(Stored data entries)
=== Section Start ===
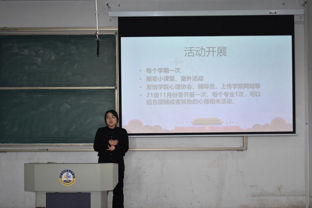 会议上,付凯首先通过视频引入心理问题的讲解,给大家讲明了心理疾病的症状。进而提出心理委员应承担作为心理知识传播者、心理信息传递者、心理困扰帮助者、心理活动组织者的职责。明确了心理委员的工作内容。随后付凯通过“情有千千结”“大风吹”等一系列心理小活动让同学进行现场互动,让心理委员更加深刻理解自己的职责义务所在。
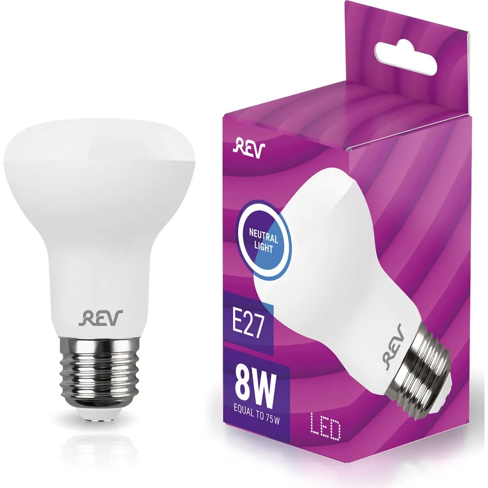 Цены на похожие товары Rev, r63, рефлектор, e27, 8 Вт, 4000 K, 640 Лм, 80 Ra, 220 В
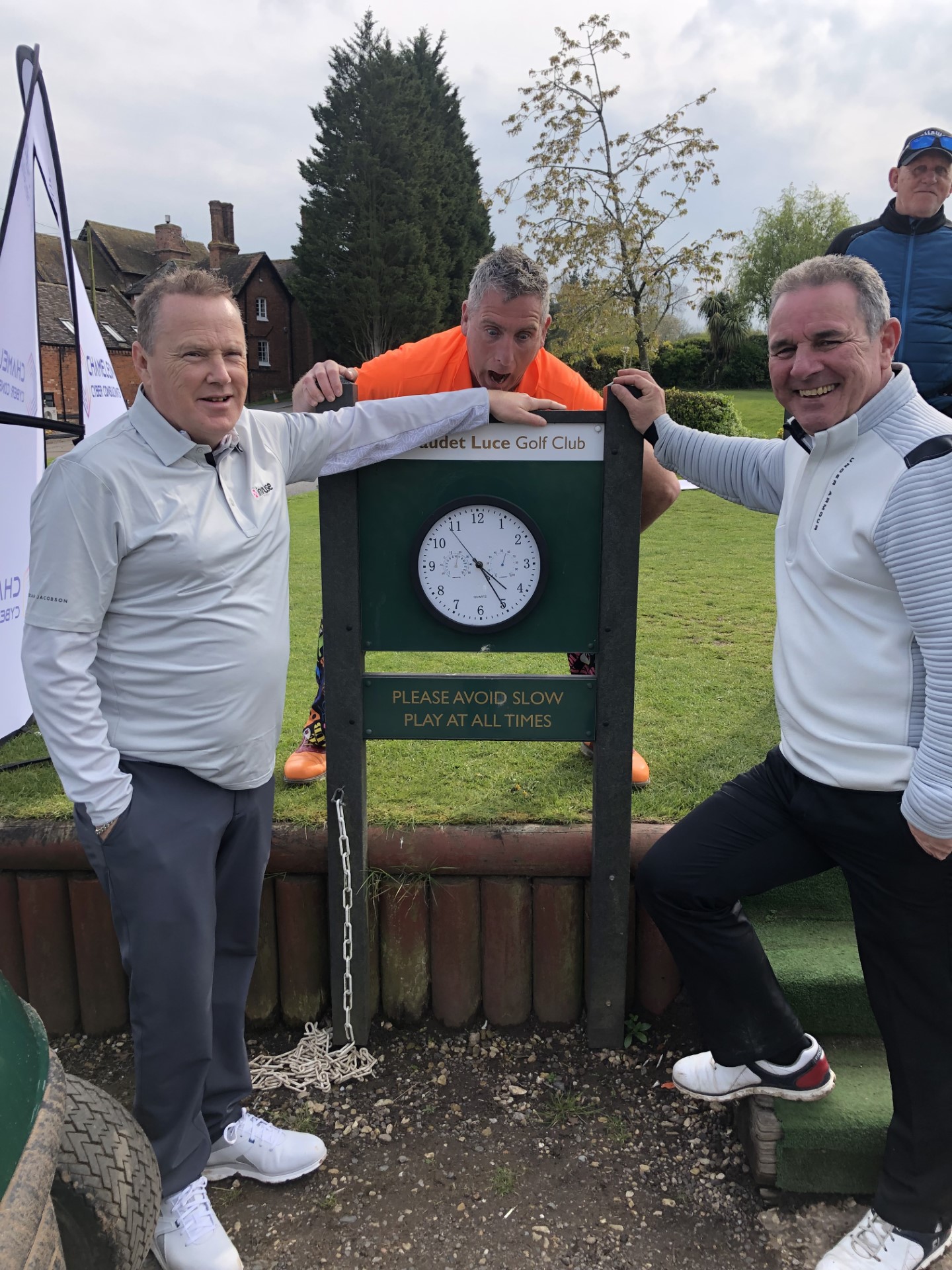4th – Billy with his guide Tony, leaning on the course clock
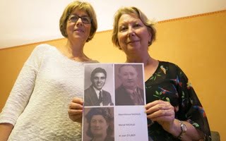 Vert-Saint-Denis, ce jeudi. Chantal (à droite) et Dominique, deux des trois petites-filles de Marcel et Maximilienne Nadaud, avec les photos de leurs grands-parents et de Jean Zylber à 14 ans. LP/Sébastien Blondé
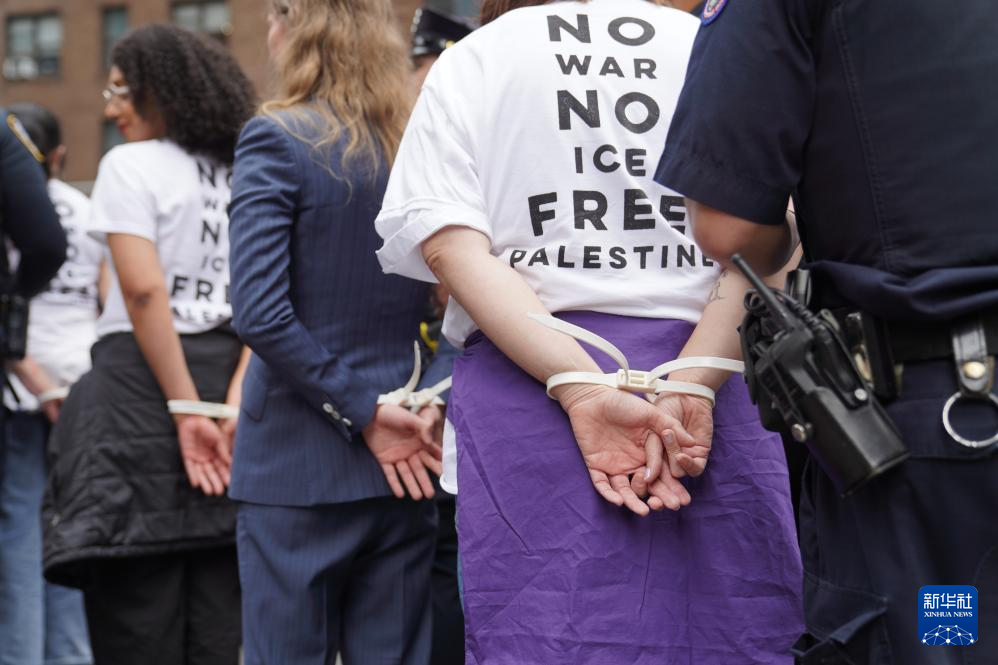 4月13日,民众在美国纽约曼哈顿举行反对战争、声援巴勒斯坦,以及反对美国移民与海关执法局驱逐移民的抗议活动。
=== Section End ===
§ TASK:
When repeating the entries, leave out every picture and keep the rest exact.

§ ANSWER SECTION:
 会议上,付凯首先通过视频引入心理问题的讲解,给大家讲明了心理疾病的症状。进而提出心理委员应承担作为心理知识传播者、心理信息传递者、心理困扰帮助者、心理活动组织者的职责。明确了心理委员的工作内容。随后付凯通过“情有千千结”“大风吹”等一系列心理小活动让同学进行现场互动,让心理委员更加深刻理解自己的职责义务所在。
 Цены на похожие товары Rev, r63, рефлектор, e27, 8 Вт, 4000 K, 640 Лм, 80 Ra, 220 В
4th – Billy with his guide Tony, leaning on the course clock
 Vert-Saint-Denis, ce jeudi. Chantal (à droite) et Dominique, deux des trois petites-filles de Marcel et Maximilienne Nadaud, avec les photos de leurs grands-parents et de Jean Zylber à 14 ans. LP/Sébastien Blondé
 4月13日,民众在美国纽约曼哈顿举行反对战争、声援巴勒斯坦,以及反对美国移民与海关执法局驱逐移民的抗议活动。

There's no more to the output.